Download or read book Theological Mysteries In Scientific Perspective written by Augustine Pamplany and published by XinXii. This book was released on 2015-09-25 with total page 267 pages. Available in PDF, EPUB and Kindle. Book excerpt: The contemporary experience of the natural sciences envisages a very substantive and constructive interaction between science and theology. In tune with the global momentum of the science-theology interface, this book attempts to spell out some of the theological implications of the sweeping changes on the scientific scenario, revisioning several perennial theological themata, in physical, biological and cosmological categories. How to interpret the profound insights of the Christian revelation in a worldview that is almost imperialistically dominated by science? In a scientific culture, how do we still meaningfully talk of the Biblical conception of God creating the world? What are the natural, cosmic and secular implications of the summit points of Christian revelation like the Holy Trinity, the Incarnation, Eschatology, etc.? What are the scientific nuances of the theological vision of the human nature as imago Dei? These are some the questions addressed in the book.

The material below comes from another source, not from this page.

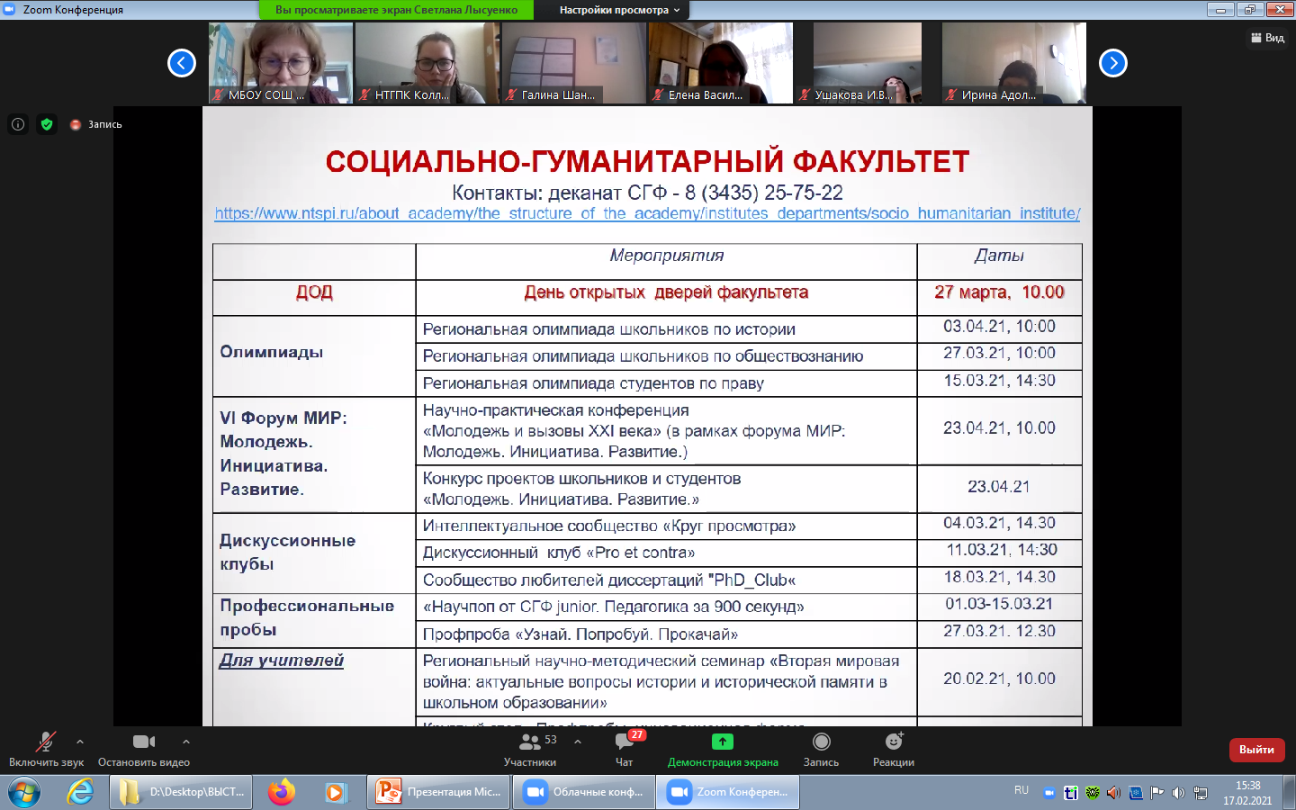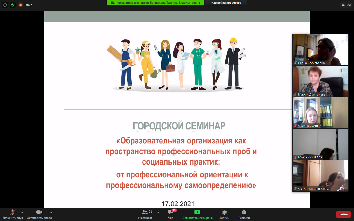 17 февраля 2021 года в гимназии состоялся городской семинар по теме «Школа как пространство профессиональных проб и социальных практик: от профессиональной ориентации к профессиональному самоопределению». Целью встречи стало представление опыта работы гимназии по организации целостной системы психолого-педагогического сопровождения профессионального самоопределения обучающихся в рамках деятельности региональной инновационной площадки, статус которой гимназия получила в сентябре 2020 года. В работе семинара приняли участие около 60 заместителей директоров общеобразовательных организаций г. Нижний Тагил, а также представители социальных партнеров Гимназии.

Download or read book Understanding the Human Genome Project written by Michael Angelo Palladino and published by Benjamin-Cummings Publishing Company. This book was released on 2002 with total page 44 pages. Available in PDF, EPUB and Kindle. Book excerpt: A brief booklet that explains in accessible language what readers need to understand about The Human Genome Project (HGP). This reference tool presents the background, findings, scientific and medical applications, social and ethical implications, and helps readers understand timely issues concerning The Human Genome Project. This brief 32 page booklet is a useful supplement to core books in Intro Biology (non-majors/majors), General Biology (majors), Genetics, Human Genetics (non-majors), Human Biology, Intro Biochemistry, and Intro Cell and Molecular Biology. It also includes relevant web resources and exercises for readers. For college instructors and students.